Climate refugees: Forgotten migrants in environment


Climate change is causing millions of people to migrate from their homelands, according to a climate activist.

“Steadily worsening climate-related disasters such as droughts, floods, famines, and rising sea levels are increasing internal and external displacements as people leave their homes in search of safety and better livelihoods,” said Kim Bryan, associate director of 350 movement.

In an email interview with Anadolu Agency, Bryan said that persecution, violence and human rights violations are also amplified by the climate crisis around the world.

“The clock is ticking for our planet and our communities.

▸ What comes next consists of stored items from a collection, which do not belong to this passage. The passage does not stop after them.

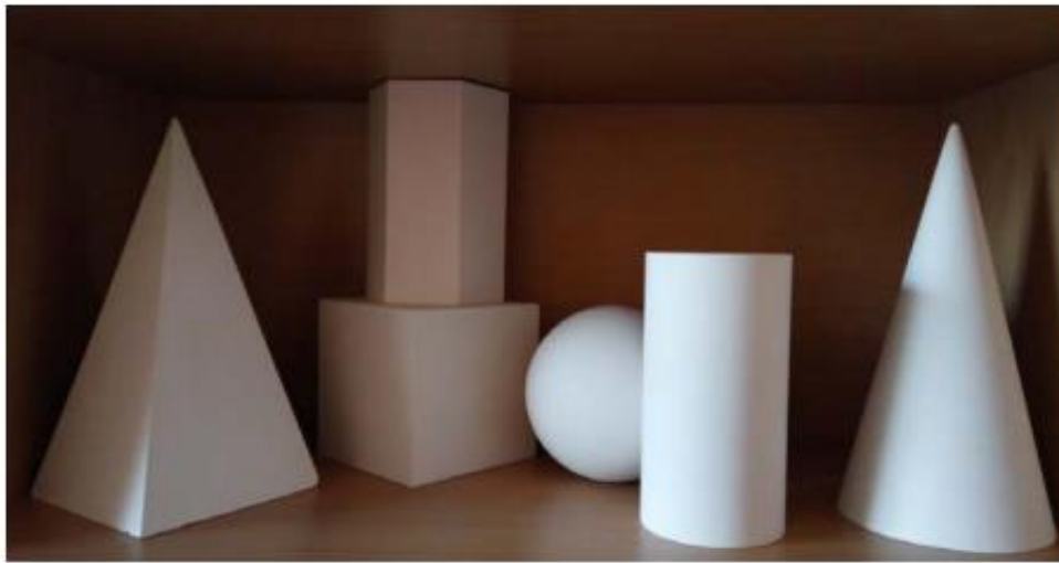
Рис.1. Гіпсові фігури

Вступне випробування (творчий конкурс) – це виконання графічного завдання, що передбачає виявлення здатності вступника до створення в уяві та відображення на папері композиції із заданих геометричних фігур. Перелік фігур можна подивитися на рис.1.
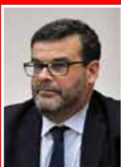
Angelo Benedetto Arru Assessore Regionale alla Sanità della Regione Sardegna
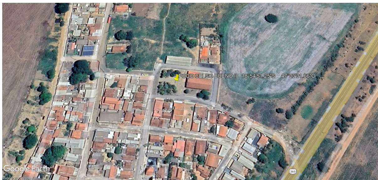
Figura 2: Local estimado para perfuração do poço (distrito celso bueno)
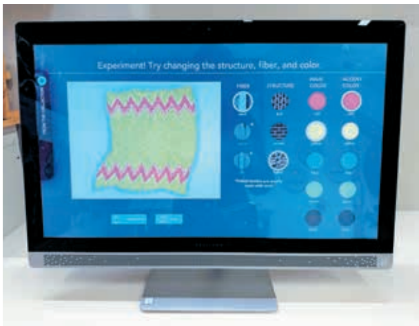
圖6 觀眾透過數位方式設計織品，可以嘗試不同的結構、纖維與色彩。

驗，並嘗試思考：如果我要製作一件織品——可能是包包、毯子、上衣，哪種纖維適合使用？哪種組織結構符合功能需求？哪些色彩能夠相互搭配？哪種裝飾技法可以達成理想效果？（圖6）觀眾在進行體驗的過程中，會發現這些基本元素的不同選擇，可以形成各種排列組合，進而創造出無窮無盡的可能，而這正是織品有趣迷人的地方，值得我們不斷地探索。館方也在數位體驗區旁邊，設置各式各樣的織品主題書籍，以及染織工藝所使用的工具，讓有興趣的觀眾自由參考使用。
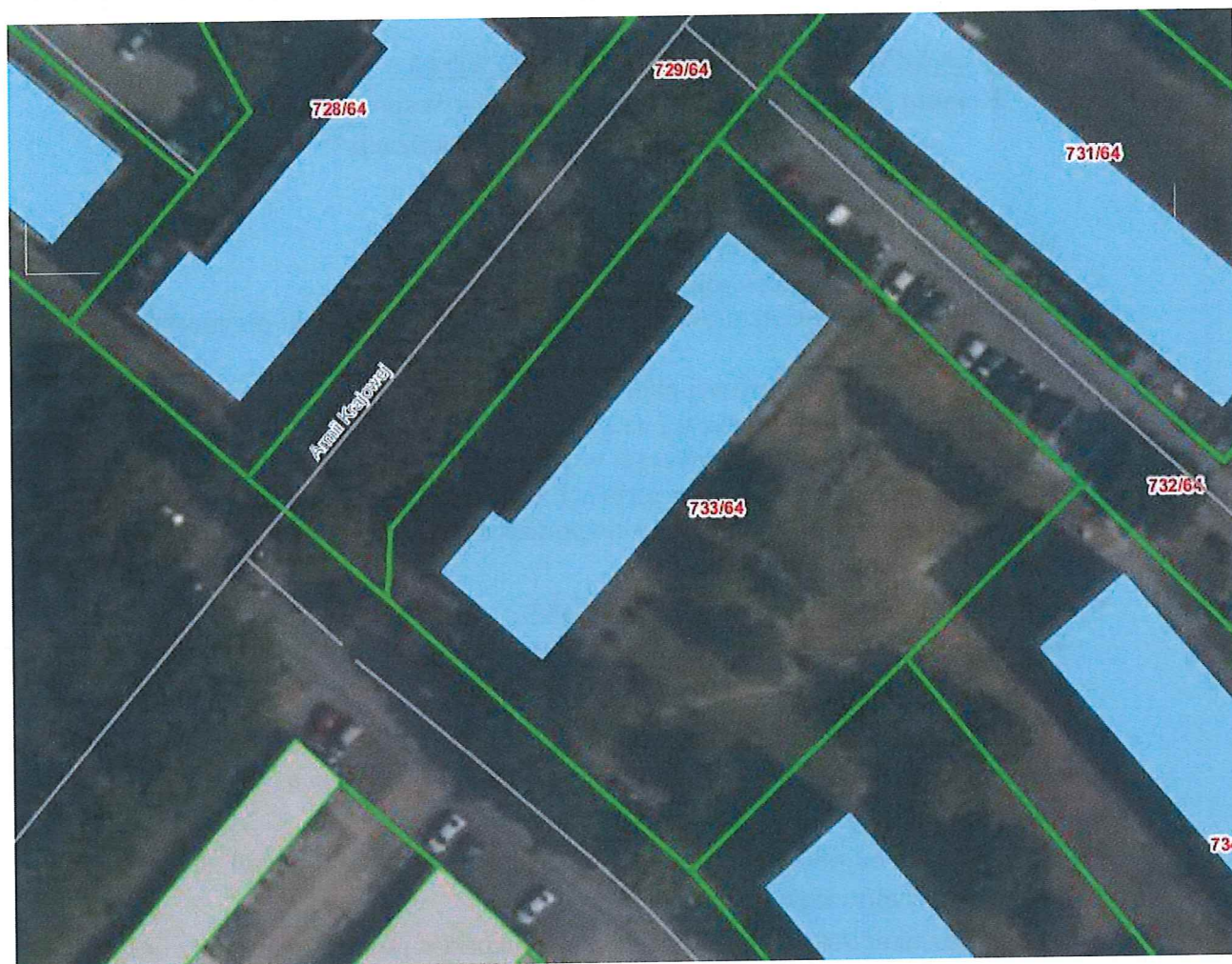
Plan sytuacyjny budynku przy ul. Armii Krajowej 4 w Piekarach Śląskich

Only by seeing these issues as inherently connected can we rise up to demand a fair and just world,” she said.

She went on to say that it is estimated that by 2050 the number of displaced people by climate change-related impacts will rise to 200 million.

She said that people around the world are driven from their lands by droughts, storms, food shortages as well as political, economic strife and conflicts which are also usually intensified by climate disasters.

“Drought, soil erosion, coastal erosion, desalinization, sea level rise, desertification lead to water and food shortages, land and resource disputes, loss of agricultural land and household income in slow onset level, while floods, storms, storm surges, tsunamis, wildfires, earthquakes, volcanic eruption cause devastation and destruction, loss of life, house and belongings in sudden onset level,” she said, distinguishing the effects of climate change at two levels.

Climate breakdown

Mentioning the geographical dimension of climate effects, she said that climate breakdown affects communities and regions differently.

In Central America, for instance, climate change has exacerbated the effects of the “dry corridor” leading to long term drought and food insecurity, while many Pacific Island nations are facing the possibility of the complete loss of their lands as sea levels rise.

Additionally, she said that Mexico has been facing drought for decades which is leading to a loss of agricultural productivity.

“[…] Estimating that by 2080, climate change-induced migration from Mexico could lead to the migration of 6.7 million people.”

Speaking about Africa, she said: “As temperatures rise globally, droughts are increasing across the continent and destabilizing local food systems.”

She added that seven of the 10 most vulnerable nations to climate change are in Africa.

Bryan also added that fossil fuels are one of the key triggers of climate change “with over 70% of global emissions coming from just 100 companies” which are the responsibility of coal, oil, and gas executives as well as the corporations they work for.

What should be done?

“Fighting climate breakdown is about much more than emissions and scientific metrics — it’s about fighting for a just and sustainable world that works for all of us.

“Building the just world we need means we must fight for policies that ensure people displaced by the impacts of the climate crisis are welcomed, their human rights respected, and their ability to build new homes are supported,” she said. was founded in 2008 by a group of university students in the U.S. along with author and environmentalist Bill McKibben. The group espouses the goal to shift 100% to publicly owned renewables and tackling the climate crisis.

The group, which works in 188 countries across the world, was named after the aim of reaching the safe concentration of 350 parts per million of carbon in the atmosphere.